═══ Collected data ═══
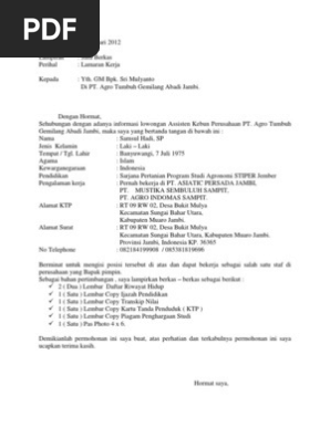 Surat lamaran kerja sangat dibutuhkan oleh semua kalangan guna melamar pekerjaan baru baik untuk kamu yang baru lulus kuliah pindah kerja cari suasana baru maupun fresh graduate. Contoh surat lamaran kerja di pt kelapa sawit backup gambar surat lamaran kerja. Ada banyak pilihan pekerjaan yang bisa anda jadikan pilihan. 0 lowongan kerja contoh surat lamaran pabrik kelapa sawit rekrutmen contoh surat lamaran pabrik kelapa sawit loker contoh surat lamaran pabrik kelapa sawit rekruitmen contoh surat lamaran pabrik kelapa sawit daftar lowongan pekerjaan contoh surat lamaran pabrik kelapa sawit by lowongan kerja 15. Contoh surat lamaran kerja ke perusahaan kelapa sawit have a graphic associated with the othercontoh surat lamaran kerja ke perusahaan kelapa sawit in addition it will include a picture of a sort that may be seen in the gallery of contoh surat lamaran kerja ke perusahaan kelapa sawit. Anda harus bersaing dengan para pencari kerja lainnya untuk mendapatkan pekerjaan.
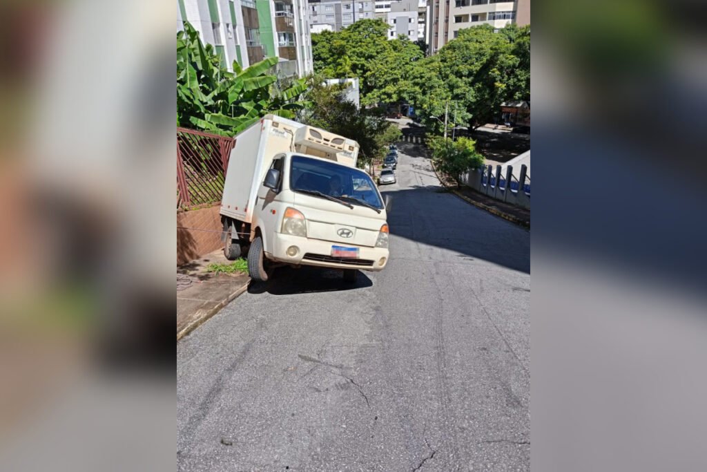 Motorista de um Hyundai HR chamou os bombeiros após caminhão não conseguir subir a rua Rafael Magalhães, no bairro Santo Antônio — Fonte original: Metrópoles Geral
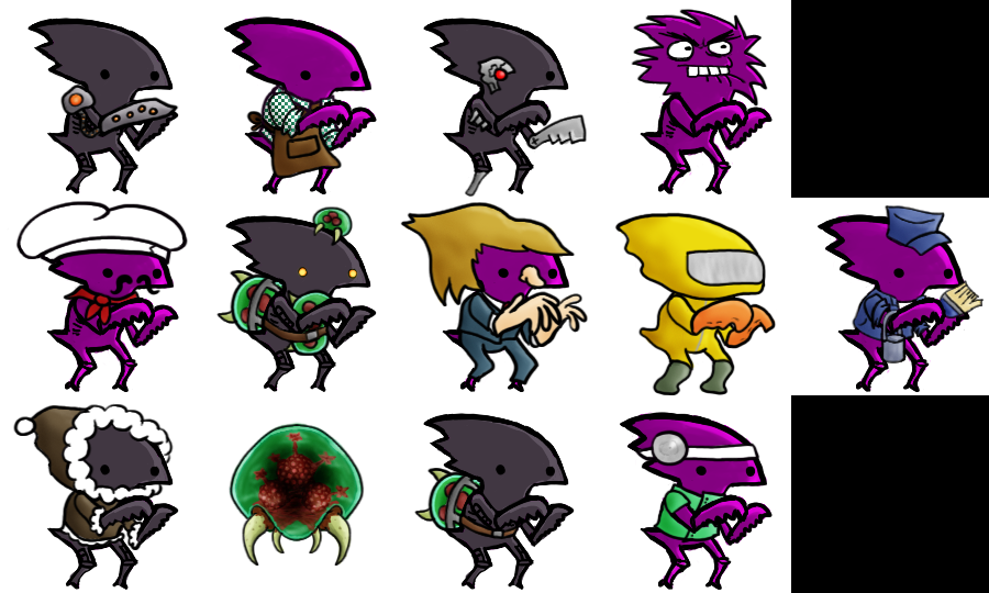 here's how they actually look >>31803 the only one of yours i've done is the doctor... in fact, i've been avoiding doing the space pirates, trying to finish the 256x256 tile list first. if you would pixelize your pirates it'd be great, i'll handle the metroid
═══
When you find the line that contains "Motorista de um", retype it and every line after it through the end of the data above, exactly, with no pictures.

 Motorista de um Hyundai HR chamou os bombeiros após caminhão não conseguir subir a rua Rafael Magalhães, no bairro Santo Antônio — Fonte original: Metrópoles Geral
 here's how they actually look >>31803 the only one of yours i've done is the doctor... in fact, i've been avoiding doing the space pirates, trying to finish the 256x256 tile list first. if you would pixelize your pirates it'd be great, i'll handle the metroid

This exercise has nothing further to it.